### Assigned task
If an entry below holds a picture, skip the picture and copy everything else exactly.

Data to examine: Begin

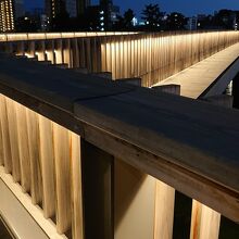 9月下旬の平日の18時頃に訪問しました。橋を渡っている人は結構いらっしゃり、スーツ姿の方が目立ちました。時間帯的にも、服装的にも、退勤後のビジネスマンパーソンも多く利用しているのかな、と感じました。なお、既に橋のライトは点灯されており、眺めると綺麗でした。
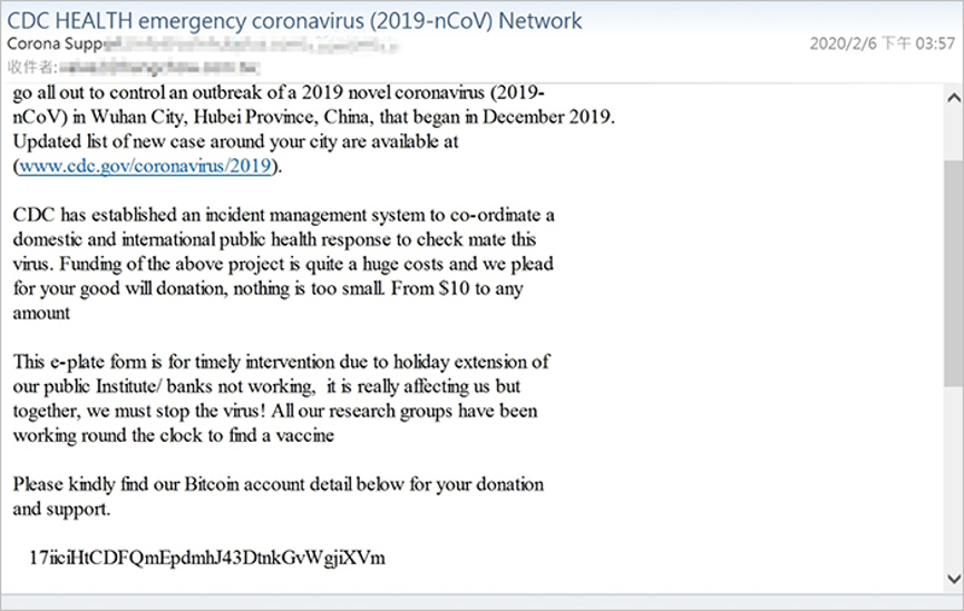 ASRC 研究中心在 2 月初就收集到假冒 CDC 疾病管制與預防中心名義進行斂財的詐騙郵件,如下圖。
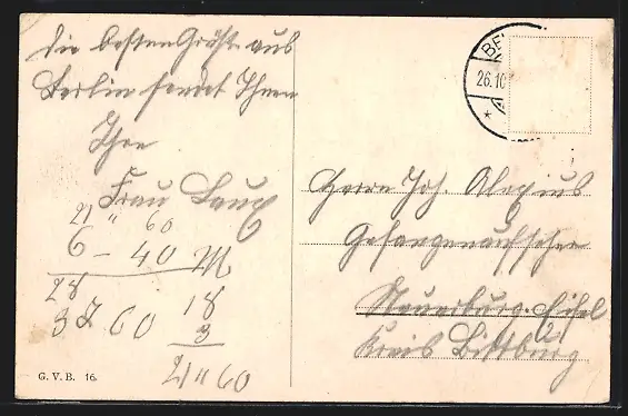 alte Ansichtskarte, gelaufen, Briefmarke entfernt, Eckknick oben re., guter Zustand
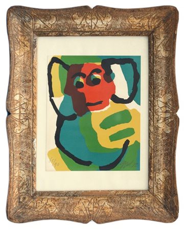 Karel Appel "Tête" 1975 litografia a colori cm 30x25 firmato e datato 75 in bass
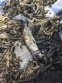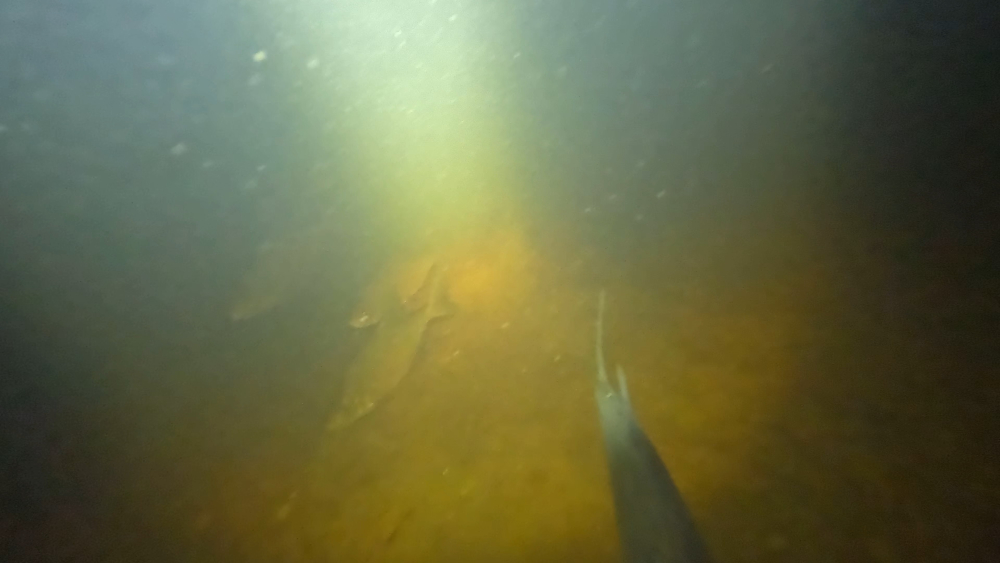 Поплыл в сторону проток, на берег из за закраина льда не смог выходить но и особо не старалась переживал за свой 7 мм костюм.

Data to examine: End

### Result
 9月下旬の平日の18時頃に訪問しました。橋を渡っている人は結構いらっしゃり、スーツ姿の方が目立ちました。時間帯的にも、服装的にも、退勤後のビジネスマンパーソンも多く利用しているのかな、と感じました。なお、既に橋のライトは点灯されており、眺めると綺麗でした。
 ASRC 研究中心在 2 月初就收集到假冒 CDC 疾病管制與預防中心名義進行斂財的詐騙郵件,如下圖。
 alte Ansichtskarte, gelaufen, Briefmarke entfernt, Eckknick oben re., guter Zustand
 Karel Appel "Tête" 1975 litografia a colori cm 30x25 firmato e datato 75 in bass
 Поплыл в сторону проток, на берег из за закраина льда не смог выходить но и особо не старалась переживал за свой 7 мм костюм.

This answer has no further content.